Disable memory-saving codepaths for optimal performance. Setting RECONSTRUCT_COMMITMENTS=false (or any of the other variables) for example changes nothing except the prover just saves data in-memory instead of recalculating it, which is less work but uses more memory. Setting SHARD_BATCH_SIZE=0 disables checkpointing completely, so the proof needs to fit in working RAM since the prover will not flush intermediate artifacts to disk. These options are just “free” performance as long as the proof is not too large for the given prover (which is the case here). Here both options are using the same variables.

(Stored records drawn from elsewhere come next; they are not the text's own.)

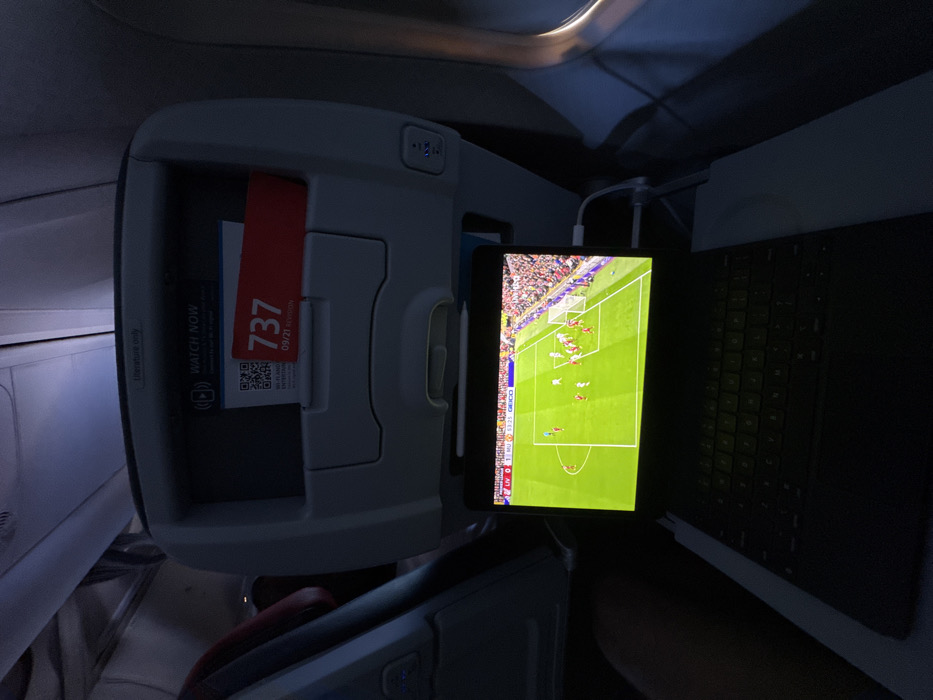 An airplane cabin interior is observed from a passenger's perspective. The location in the city is Unknown, Unknown. In the foreground, a dark laptop rests on a tray table, its screen brightly displaying a live soccer (football) match between Liverpool (LIV) and Manchester United (MNU), showing a score of 0-1 at 53:23 game time, with "GEICO" visible as a sponsor. A white charging cable extends from the laptop to a USB port on the lower right of the seatback directly ahead. This seatback features a literature pocket containing "WATCH NOW" signage, a QR code for Wi-Fi and entertainment, and a red tag marked "737 09/21 REVISION". A passenger's legs are partially visible in the lower-left corner, indicating interaction with the laptop. The cabin environment is dimly lit, with an overhead panel visible at the top and a dark exterior seen through a window on the right.
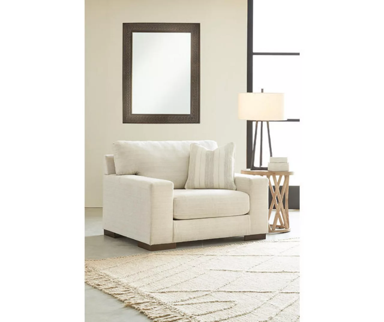 Classic comfort gets a mod twist with this oversized chair. Its minimalistic approach and structured silhouette bring a clean-lined design element to your living room. Sink into the positively plush cushions while relaxing solo, or curl up with a glass of wine while hosting guests. And with light neutral upholstery that suits both casual and contemporary spaces, this chair offers endless style possibilities.
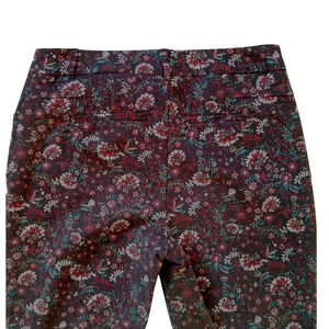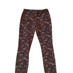 Reitmans Floral Straight Leg Trousers Black Burgundy Stretch 4
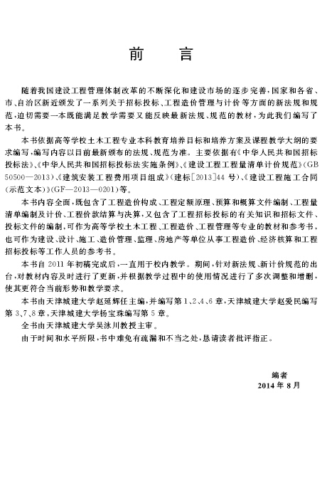 本書(shū)可作為高等學(xué)校土木工程、工程造價(jià)、工程管理等專業(yè)本科生的教材,也可作為工程造價(jià)人員及相關(guān)管理人員的培訓(xùn)教材和學(xué)習(xí)參考書(shū)。
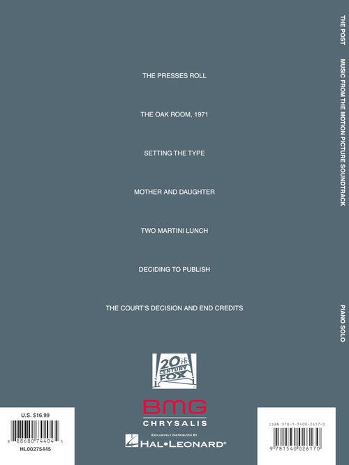 The Post Music from the Motion Picture Soundtrack Publisher: Hal Leonard Category: Keyboard & Piano/Vocal/Guitar Series: Piano Solo Songbook Format: Softcover Steven Spielberg and John Williams have joined forces once again on a critically acclaimed movie...Regular price $20.99 -

The latter is the same between both [A]/[B] layouts (i.e. they both disable the same checkpointing settings, making it faster at the cost of memory). The difference is in the sizes (and thus the amount) of shards, which changes how much parallelism is achievable in the proof. Generally, the more shards the more parallelism can help at a higher verifier cost. This is because committing to Merkle trees involves a lot of hashing which is very linear work (you can’t calculate a single hash using multiple threads, but you can calculate multiple hashes in multiple threads). Lowering shard size/increasing shard count means that more shards can be worked on in parallel, as a trade-off. This means even though [A] could have slightly lower prover costs, it does so at the expense of verifier costs (this is more pronounced in “recursive verifiers”, but is generally true).

Security Level

These benchmarks used standard FRI parameters targeting a conjectured security level of 116-bits for Lurk, Sphinx, and SP1 — and the default values for Risc0. The only outlier that does not use FRI is Jolt, which relies on the discrete logarithm problem for elliptic curves for its security arguments.

Specs

AWS r7iz.metal-32xl instance
Intel(R) Xeon(R) CPU @ 3.9GHz
128 vCPUs
1024GB DDR5 RAM

Full specs

NOTE: The r7iz.metal-32xl has the best CPU-only performance we’ve found in a commodity cloud machine for Sphinx and SP1. This is primarily due to the high vCPU and memory count, coupled with the Sapphire Rapids CPU architecture for recent AVX512 support.

Notes

The benchmark files can be found at https://github.com/argumentcomputer/zkvm-benchmarks

Update on Risc0 cycle counts (September 5, 2024): Previously we reported the Risc0 cycle count as the reported “total cycles” count, which actually includes, among other things, padding to the nearest power of 2. This was an oversight on our part since the padding should not have been considered. We have changed the values to the “user cycles” count, which does not include any padding or overhead from continuations, and should be a closer comparison with the Sphinx/SP1 RISC-V cycle counts.